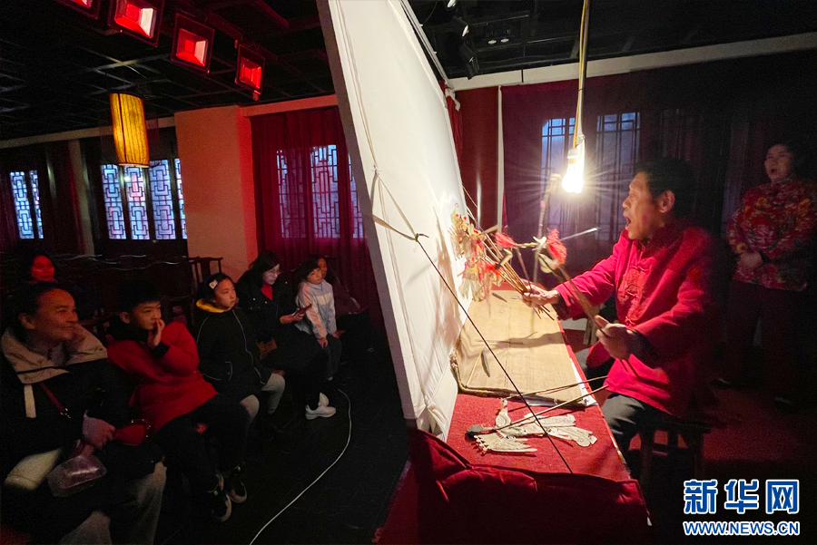 在西安永興坊——陜西非遺文化特色街區(qū),今年56歲的王春桃,為小朋友們表演國家級非遺合陽提線木偶戲《賣雜貨》。 新華網(wǎng) 楊喜龍 攝
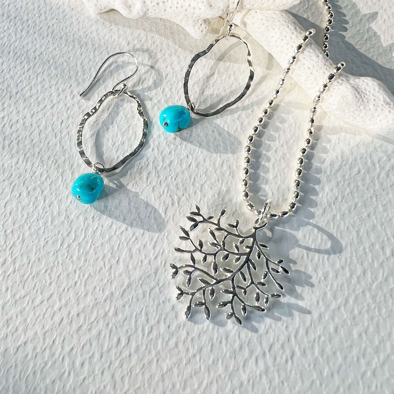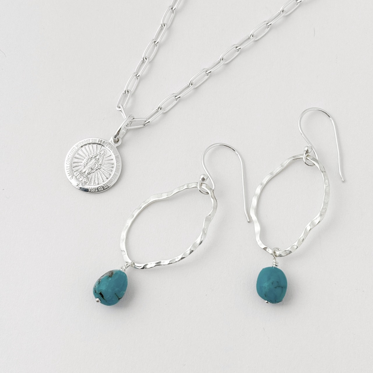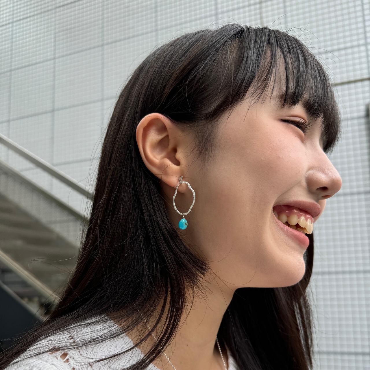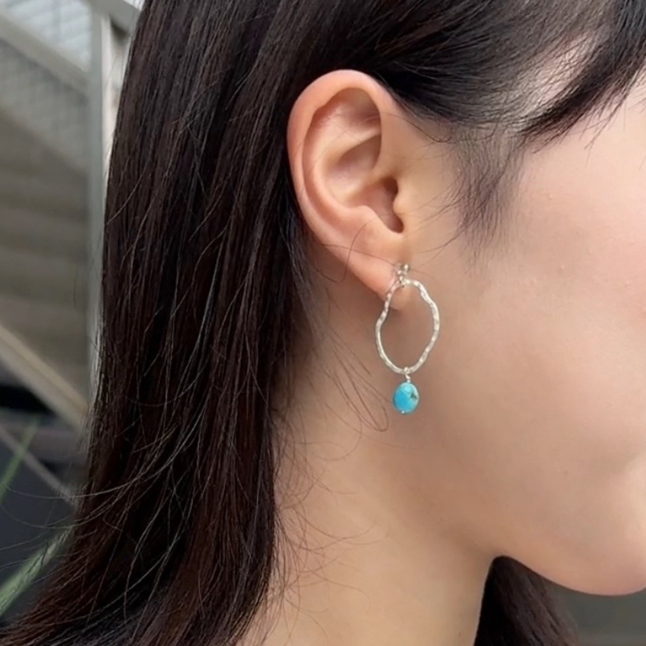 個性的なシルバーパーツにコロンと丸い発色の良いターコイズを使用して作りました。
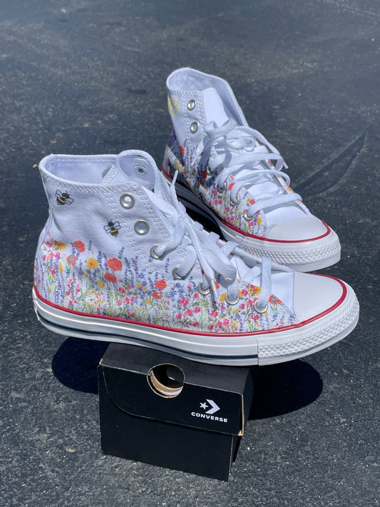 Custom Converse Shoes - Flower Field Bee - Custom High Tops
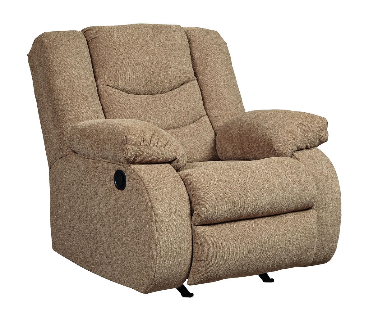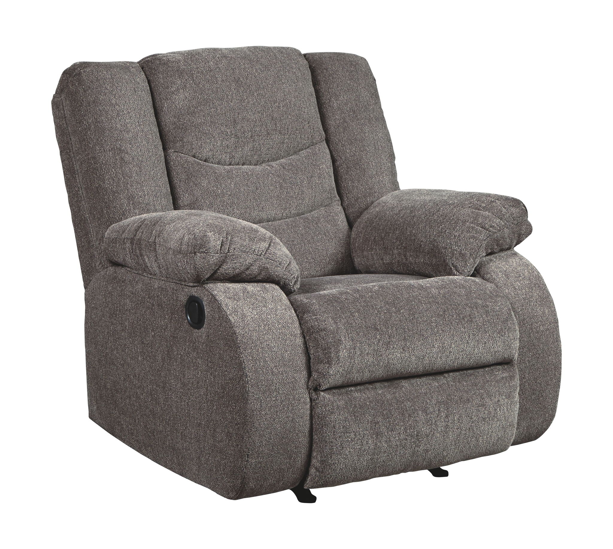 This rocker recliner puts the win in winning. Its waterfall back design and doubly plump pillow top arms team up with soft chenille fabric to go for the goal. Ample seating room makes the comfort possibilities endless. Sit back and relax. You won’t go wrong with this recliner.
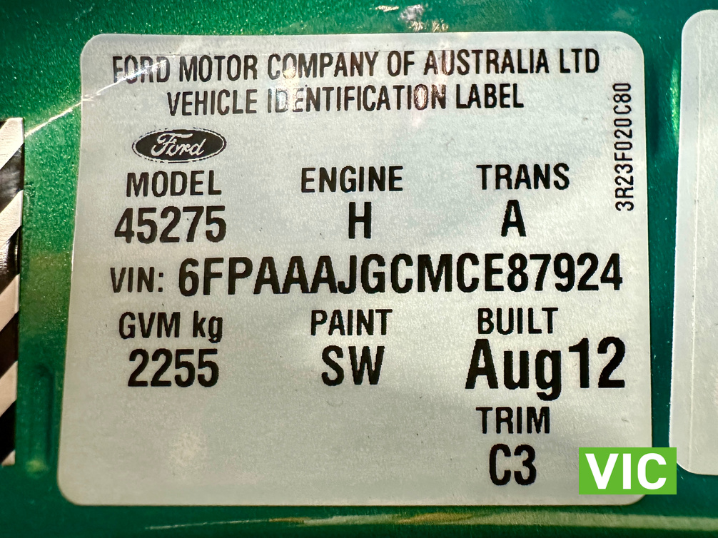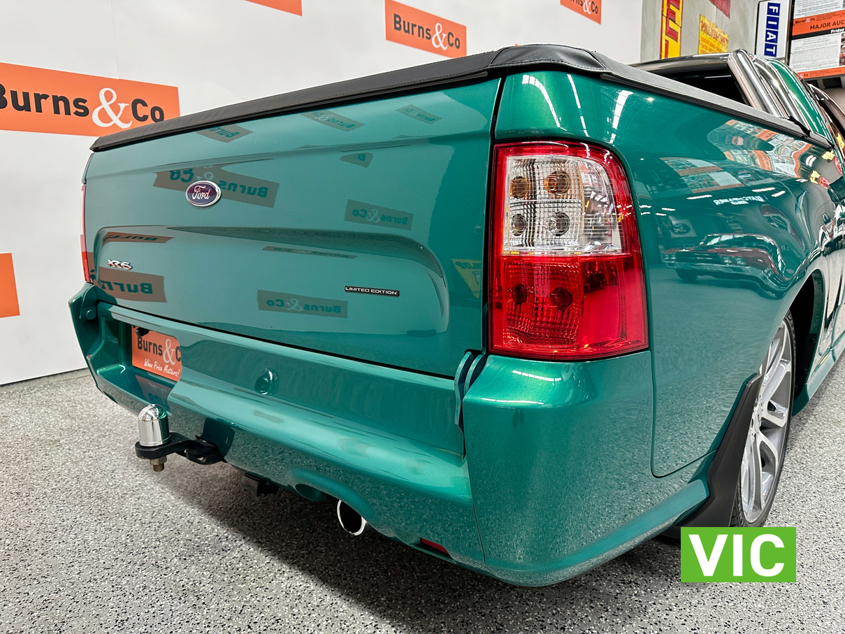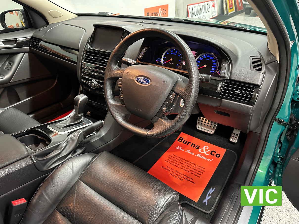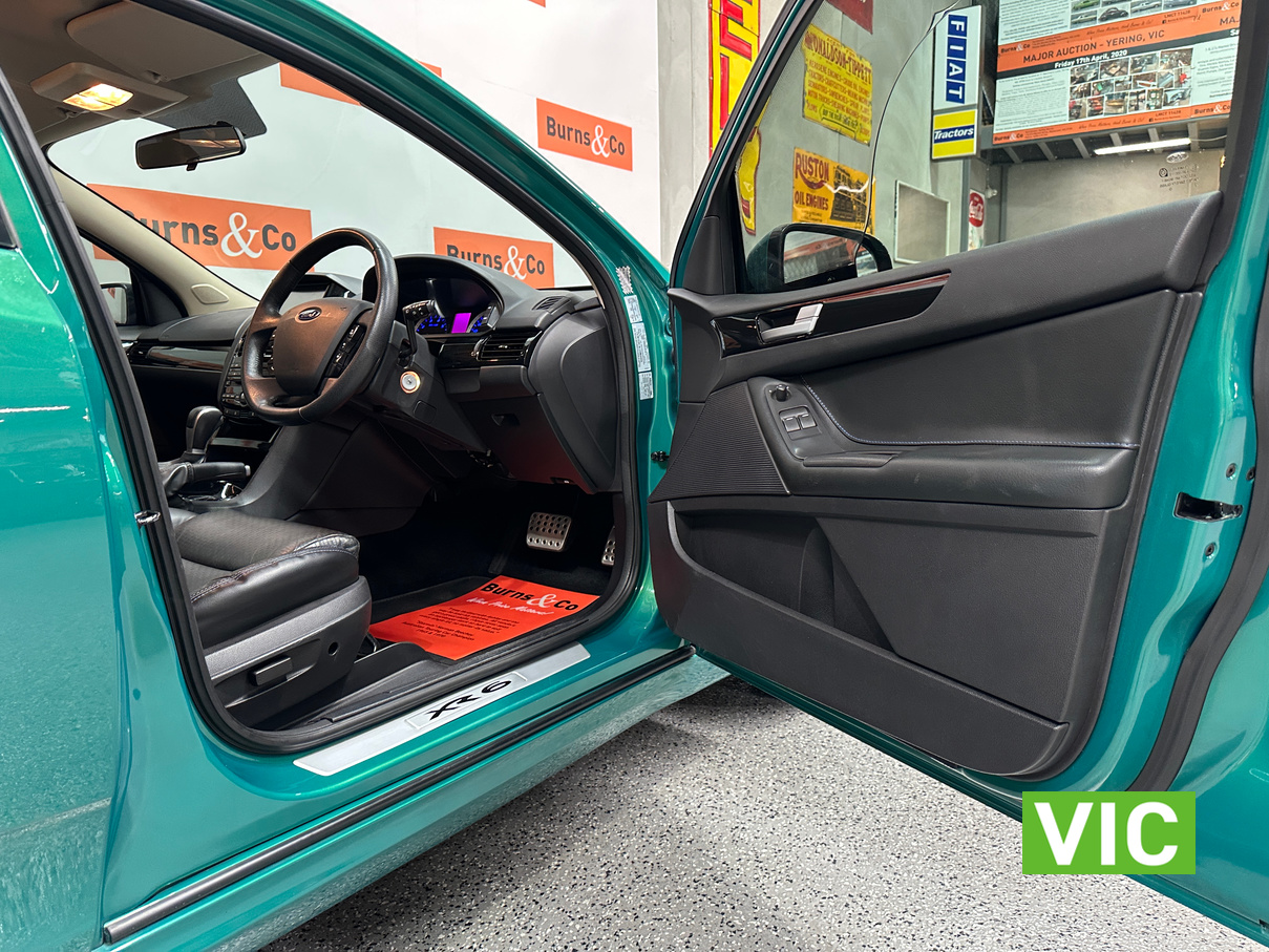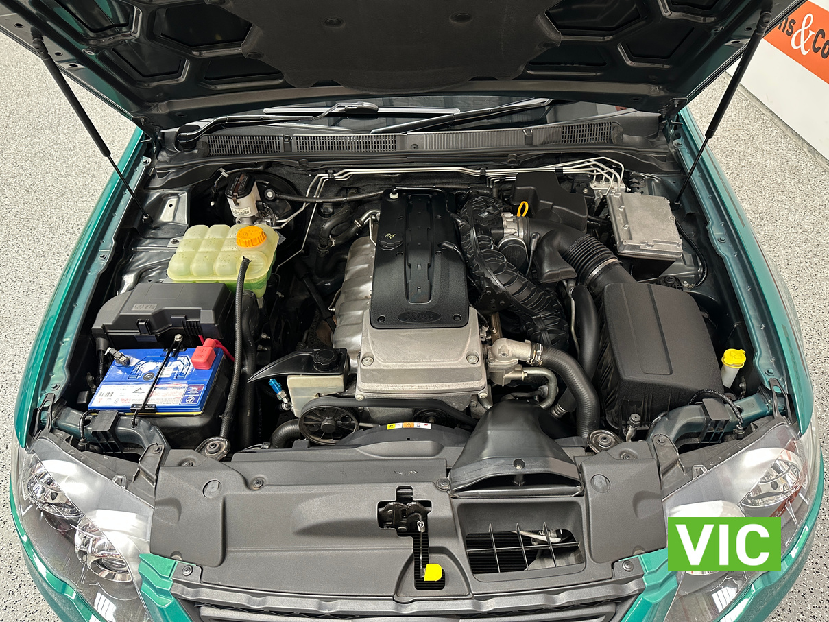 Immaculate FG XR6 Ute! Impeccably kept inside and out, leather trim and upholstery is supple and clean, original XR floor mats, Ford weather shields and tub liner also fitted. A very low 31439 Kms built in August 2012, a very attractive example finished in Swift Green Metallic Pearl. Original books, service papers and other documents are also supplied with the vehicle.

____

Set down, exactly as written above, each line from the one with "個性的なシルバーパーツにコロンと丸い発色の良いターコイズを使用して作りました。" through the one with "Custom Converse Shoes", and skip the pictures.

 個性的なシルバーパーツにコロンと丸い発色の良いターコイズを使用して作りました。
 Custom Converse Shoes - Flower Field Bee - Custom High Tops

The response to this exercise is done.